Я помню, как с покойным отцом моим (директор лицея до Энгельгардта) пришли в лицей во время классов Карамзин, Жуковский, Батюшков, Тургенев, – и Карамзин, вызвав Пушкина, сказал: «Пари, как орел, но не останавливайся в полете». И он с раздутыми ноздрями – выражение его лица при сильном волнении – сел на место при общем приличном приветствовании товарищей.
И.В. Малиновский. – Пушкин и его совр-ки, вып. XXXVIII–XXXIX, с. 214.

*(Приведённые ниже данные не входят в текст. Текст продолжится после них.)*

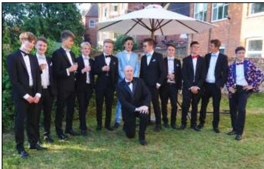
Our outgoing Upper Sixth dressed to impress before the Cornflower Ball.

A final and much deserved mention should go to Kay and Vicky who have helped maintain the fabric and cleanliness of the building as well as for their cheerful influence on the boys.
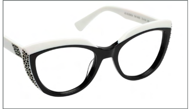
ORIGINAL SWAROVSKI STONES
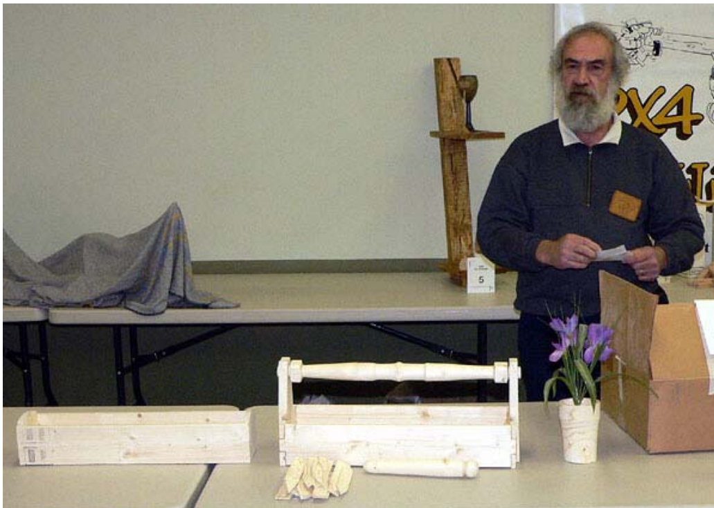
Ted Fromson Garden Toolbox & Tools
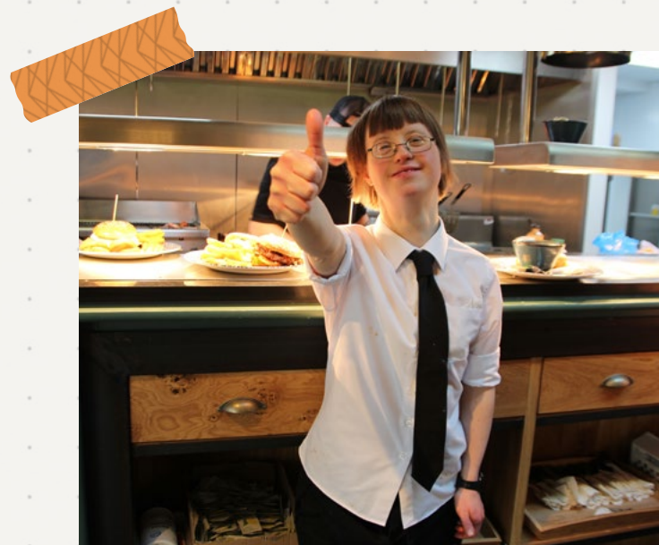
Community Fund East recipient – Action for Kids

In total in 2025, £154,163 was awarded to 20 projects across the two Funds.

Что сказать вам о нашем уединении? Никогда Лицей не казался мне так несносным, как в нынешнее время. Уверяю вас, что уединение в самом деле вещь очень глупая, назло всем философам и поэтам, которые притворяются, будто живали в деревнях и влюблены в безмолвие и тишину. Правда, время нашего выпуска приближается. Остался год еще. Но целый год еще плюсов, минусов, прав, налогов, высокого, прекрасного!.. Целый год еще дремать перед кафедрой… Это ужасно. Право, с радостью согласился бы я двенадцать раз перечитать все 12 песен пресловутой Россиады, с тем только, чтобы гр. Разумовский сократил время моего заточения. Безбожно молодого человека держать взаперти.
Пушкин – кн. П.А. Вяземскому, 27 марта 1816 г.